Due to the highly expensive costs and the extensive delinquent and difficulty for direct measurements of soil temperature which is essential for several applications in meteorological, hydrological and agricultural process, it becomes crucial to examine the potential of machine learning methods to estimate the soil temperature. In this context, the current study, an investigation for predicting the soil temperature utilizing several machine learning methods has been proposed and assessed. As it has been reported earlier, it could be noticed that there were a lot of research efforts have been developed to predict the ST at different depths. However, the major inadequacy that have been experienced upon utilizing those models in predicting the ST, using the traditional statistical model such as ARIMA, is that there is a need to predefine proper stochastic procedure to identify the associated uncertainty for all used variables in the model. In addition, for the recently classical machine learning models, prior interrelationship information between different used variables, for example, covariance, variance and correlation values have to be accurately recognized to select the proper model’ input-output architecture. Furthermore, the classical machine learning models experienced over-fitting problems that could lead to unexpected relatively high prediction errors when different input patterns are examined. In this study, in fact, the ELM method has been developed in order to bridge the research gaps and drawbacks in these prediction modeling methods. The ELM has been proved to be reliable procedure and promising algorithm for overcoming the over-fitting problems. In fact, the ELM’s procedure is designed to overcome the disadvantages of both prediction modeling concepts, the traditional and machine learning. The ELM’s procedure allows to considerably minimize the possibility of experiencing over-fitting while training and hence consistent prediction accuracy for unexpected input pattern could be achieved. In addition, the random projection procedure within parallel computing techniques increase the possibility of accomplishing successful convergence procedure and lessen the time needed to achieve the performance goal.

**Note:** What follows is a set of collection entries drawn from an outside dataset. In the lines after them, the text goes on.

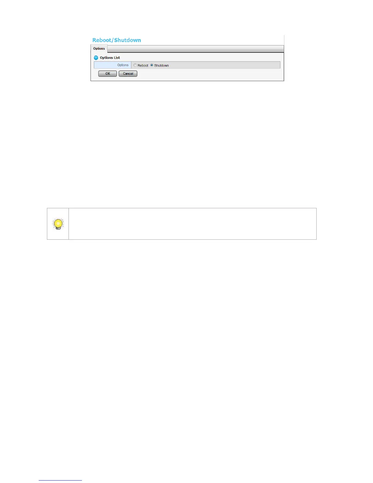 5. A confirmation dialog pops up. Click the OK button to shutdown the unit.
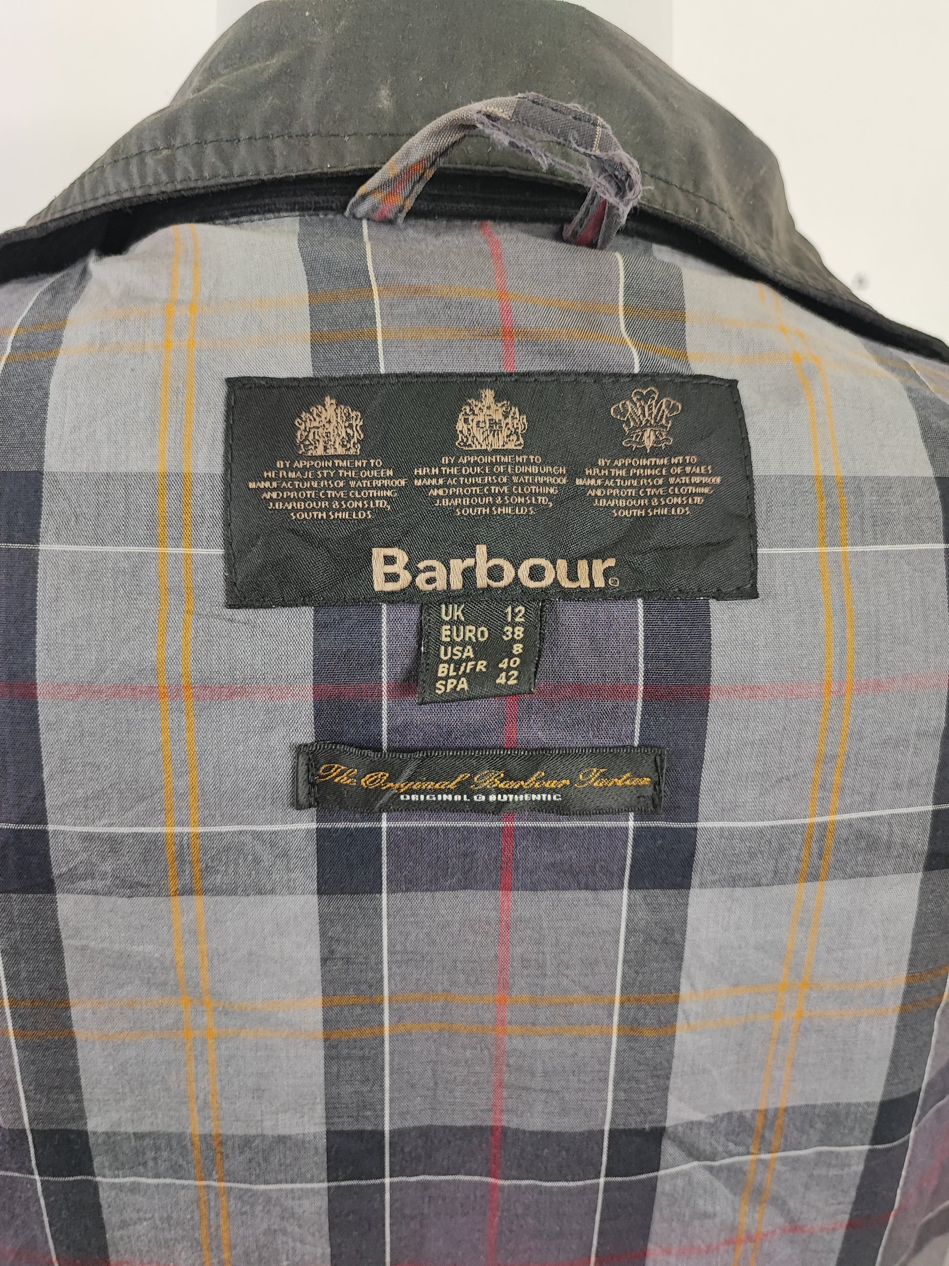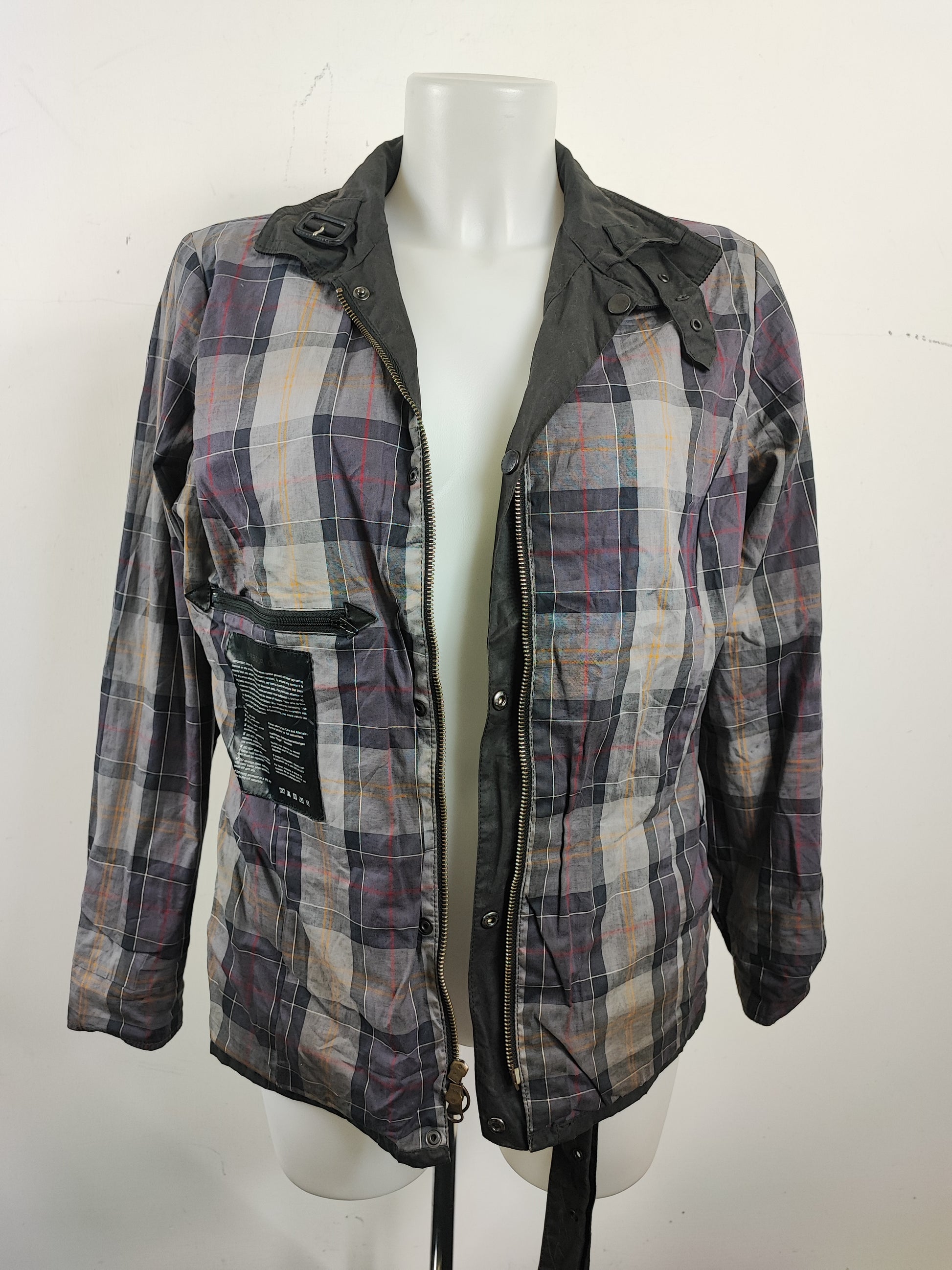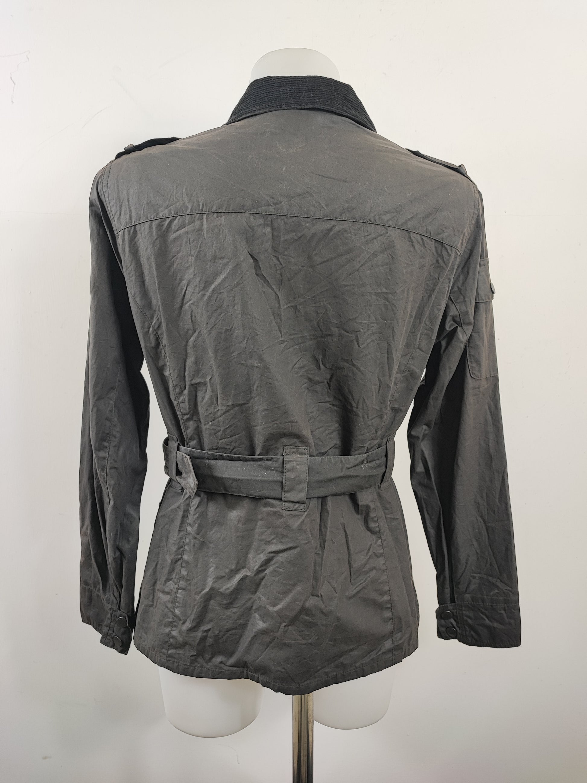 Giacca Barbour di colore nero con quattro tasche frontali in cotone cerato e cintura
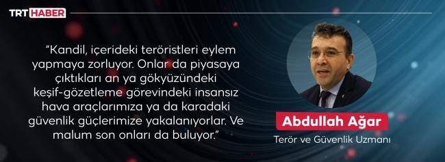 Abdullah Ağar, bu baskı nedeniyle içerideki sözde üst düzey teröristlerin kimi zaman harekete geçtiğini söylüyor. Sonrasını da “Ama piyasaya çıktıkları an yerel istihbarata, sinyal istihbaratına, keşif-gözetleme görevindeki insansız hava araçlarımıza ya da karadaki güvenlik güçlerimize yakalanıyorlar. Ve malum son onları da buluyor” sözleriyle anlatıyor.
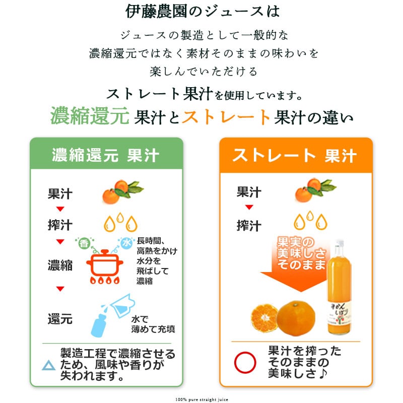 伊藤農園は果実そのまんまの味わいを届けるために、ストレートにこだわってジュースを製造しています。

The purpose of the model is to predict the soil temperature at different depths (5, 10, 50 and 100cm) on a monthly basis. So as to substantiate the exactness of the developed methods, comprehensive comparative analysis has been carried between the proposed machine learning models including CART, GMDH, ELM, and ANN. In addition, different grouping and pattern of climate variables have been examined as inputs for the model including air temperature, solar radiation, relative humidity and wind speed. Different statistical indices have been evaluated to examine the performance of the models to compare how accurate is the model output with the desired soil temperature at different depths. It should be noticed here that it is the first attempt to utilize both the CART and GMDH models as a predictor for soil temperature.

Materials and methods

Used data

In the study, monthly climatic data, air temperature (T), relative humidity (RH), solar radiation (SR), wind speed (W) and soil temperature for the depths of 5, 10, 50, and 100 cm were obtained from Mersin station (longitude 34° 38′ E, latitude 36° 48′ N, altitude 3 m) which is operated by Turkish Meteorological Service. The study area (Fig 1) has Mediterranean climate with wet winters and dry summers [21,11]. The winter can get very heavy rains and flooding is a big problem in some regions. The air temperature ranges from 24°C (winter) to 40°C (summer). The data cover 25-year monthly records from 1986 to 2010. In the study, the first 80% was utilized for training and remaining 20% was utilized for testing.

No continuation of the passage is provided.